Amazon S3 Small Object Compaction with AWS Lambda and AWS Step Functions

This solution deploys a serverless application to combine ("compact") small objects stored in a given Amazon S3 prefix into a single larger file. Larger files enable cost effective use of S3 storage tiers that have a minimum billable object size (e.g. 128 KB). It can also improve performance when querying data directly with Amazon Athena.

The sample code is written using the AWS Cloud Development Kit in Python.

There are two solutions in this project to demonstrate the benefits of using AWS Step Functions Distributed Map functionality to invoke Lambda functions in parallel and compact the objects faster:

  1. A single Lambda function which iterates over a list of Amazon S3 prefixes to compact. Architecture Diagram - Single Lambda
  2. An AWS Step Function which uses Distributed Map to invoke a Lambda function for each prefix in a given list of objects to compact.
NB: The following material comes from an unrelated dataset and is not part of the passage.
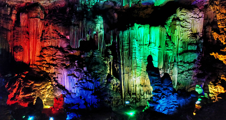 一個巨大的喀斯特溶洞,位于湖心島上。洞內(nèi)空間開闊,鐘乳石形態(tài)各異,在五彩燈光的映襯下,呈現(xiàn)出光怪陸離的景象,仿佛進入了一個神秘的地下世界。洞內(nèi)還有地下河,河水清澈見底。需乘船抵達島上,游覽時間約 1 小時,參觀時需跟隨導(dǎo)游,注意安全。

Architecture Diagram - Step Functions

Deploying

Pre-requisites:

  • Python 3.7 or later including pip and virtualenv
  • Node.js 14.15.0 or later

Install the latest version of the AWS CDK Toolkit using the Node Package Manager:

npm install -g aws-cdk

Creating a Python virtual environment:

python3 -m venv .venv
source .venv/bin/activate

Install the required Python package dependencies inside the virtualenv:

pip install -r requirements.txt

Deploy the CDK application passing in the context variables:

  • source_s3_uri = the name of your S3 bucket containing the files to compact.
  • target_s3_uri = the name of the bucket to write the compacted files to. This will be given s3:PutObject permissions.
  • previous_days = how many days of historical data to compact and the frequency to run the EventBridge scheduled job.
cdk deploy -c source_s3_uri=s3://my-source-bucket/prefix/ -c target_s3_uri=s3://my-target-bucket/prefix/ -c previous_days=30

To edit the date format of the expected S3 prefix partitioning modify the cdk.context.json file. The default is %Y/%m/%d e.g. my/prefix/2024/01/14/file.json.

Testing

By default there is an EventBridge scheduled rule to invoke the Step Function State Machine every previous_days specified at deployment. This rule is DISABLED by default. To enable this, update the lambdaTriggerRule in compaction_stack.py to enabled=True and redeploy the CDK application.

The standalone Lambda function S3ObjectCompactionStack-standaloneCompactFunction can be invoked using the following test event:

{
  "s3_source_uri": "s3://my-source-bucket/AWSLogs/123456789012/CloudTrail/eu-west-1/",
  "s3_destination_uri": "s3://my-dest-bucket/",
  "date_format": "%Y/%m/%d",
  "duration": 30
}

Depending on the volume of data, this may take several minutes to run as each S3 prefix is being processed in sequence.

The Step Function State Machine CompactionStateMachine can be invoked manually with the following inputs:

{
  "s3_source_uri": "s3://my-source-bucket/AWSLogs/123456789012/CloudTrail/eu-west-1/",
  "s3_destination_uri": "s3://my-dest-bucket/",
  "date_format": "%Y/%m/%d",
  "duration": 30
}

This will process the same data in significantly less time as each prefix is being compacted in parallel.

Generating test data

There is a useful test utility that can be used to generate some random data and seed it across date partitions in a source S3 bucket:

./test/generate_test_data.py -r 1000 -f 10000 -b my-test-bucket

Cleaning Up

Resources can be deleted by running:

cdk destroy